By returning to the views held by many during the first half of the 20th Century, a much broader understanding of the operation of the neural system can be obtained. This understanding relies upon the Electrolytic Theory of the Neuron. Under this theory, signals within the neural system are carried by electrons. Electrons carry the information within neurons and through synapses connecting neurons.
All neurons fall into one of two architectural types. Those neurons that perform only signaling are described in modality #3B. The photoreceptor cells, and other sensory neurons, rely upon a secretory function to create their disks and hairs. These cells are placed under modality #3C because of this difference.

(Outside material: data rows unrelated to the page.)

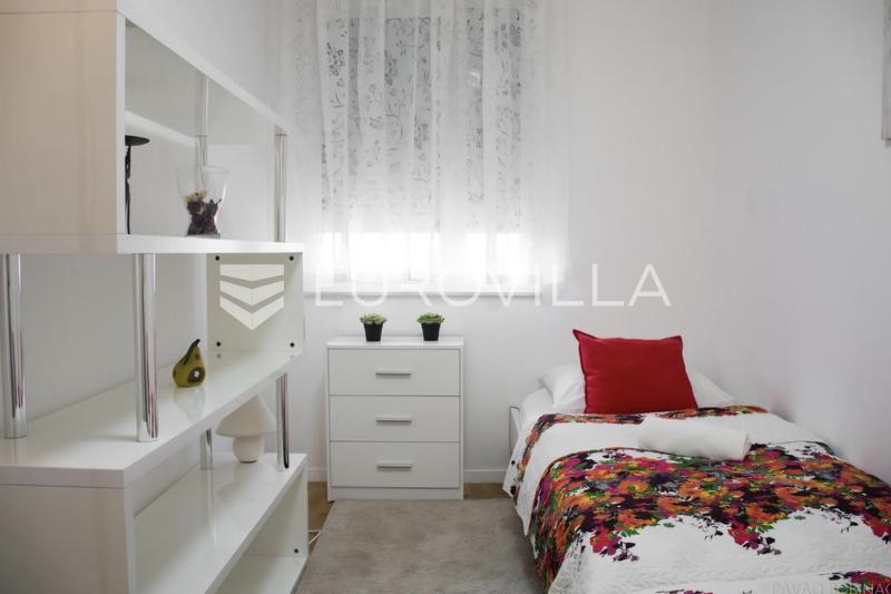 Špansko, trosoban stana površine 56 m2 na petom katu novoizgrađene stambene zgrade s se od ulaznog hodnika s ugradbenim ormarom, kuhinje, blagovaonice, dnevnog boravka, dvije spavaće sobe i je opremljen s klima uređajem, perilicom rublja i posuđa,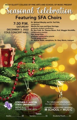 The choirs of Stephen F. Austin State University will ring in the holidays with a “Seasonal Celebration,” a program of beloved Christmas carols and classics, in a concert at 7:30 p.m. Saturday, Dec. 3, in Cole Concert Hall on the SFA campus.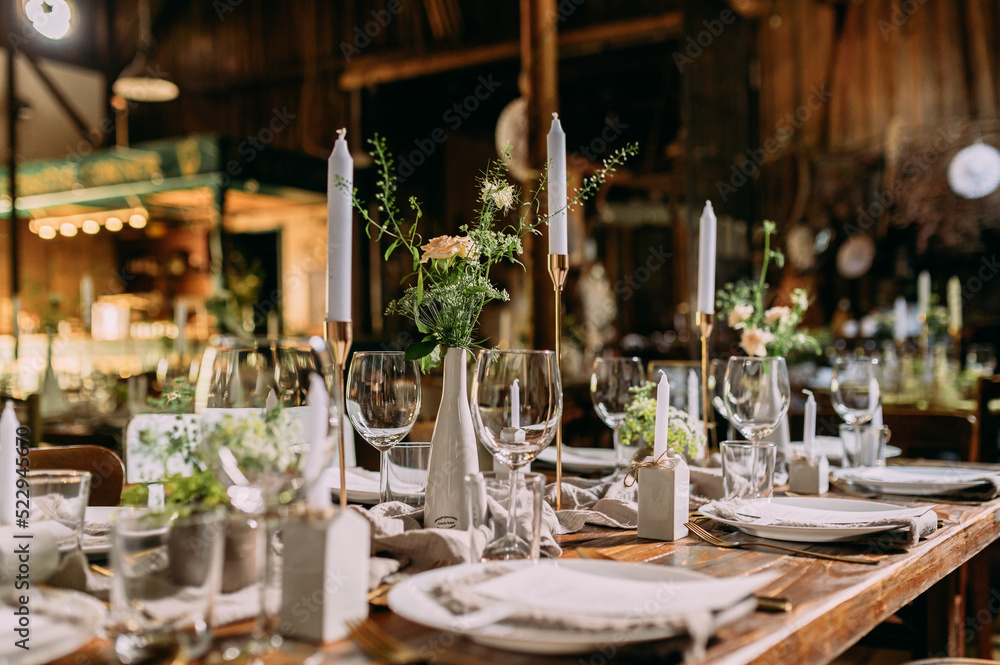 Festlich gedeckter Tisch auf einer Hochzeit in einer Scheune Landhochzeit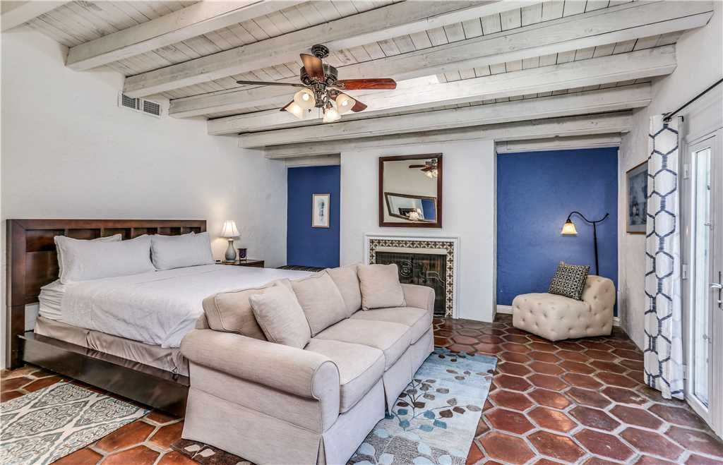 The master retreat of this Palm Springs historic home has a private patio, 42"" TV, fireplace, sitting area, ensuite bathroom glass walled shower, and double vanity.
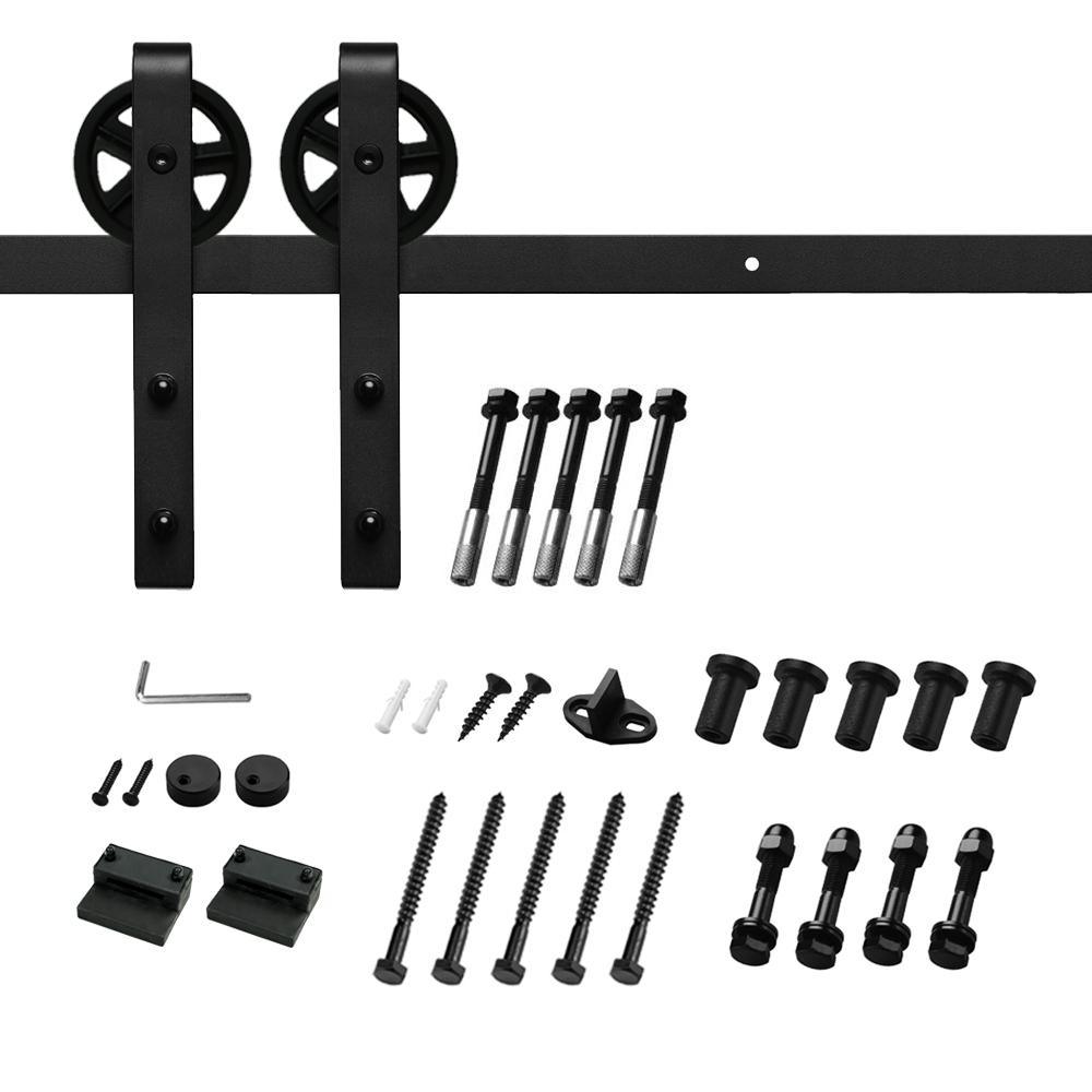 8 ft./96 in. Black Sliding Barn Door Track and Hardware Kit (Bigwheel J Shape Hanger) for Single Door with Floor Guide

By expanding the varieties of neurons into categories #3B and #3C, it becomes possible to describe the variety of neurons found in any organism by their function and their location in the signaling chain. Under the label #3C are found the signal sensing neurons of stage 1. The photoreceptor cells are the only #3C neurons found in the visual system. Under the #3B label are found the signal processing, stages 2 & 4, neurons and the signal projection , stage 3, neurons of the visual system.
The specific cell types found under the above labels include:
Stage 1--Signal detection, Chapter 12.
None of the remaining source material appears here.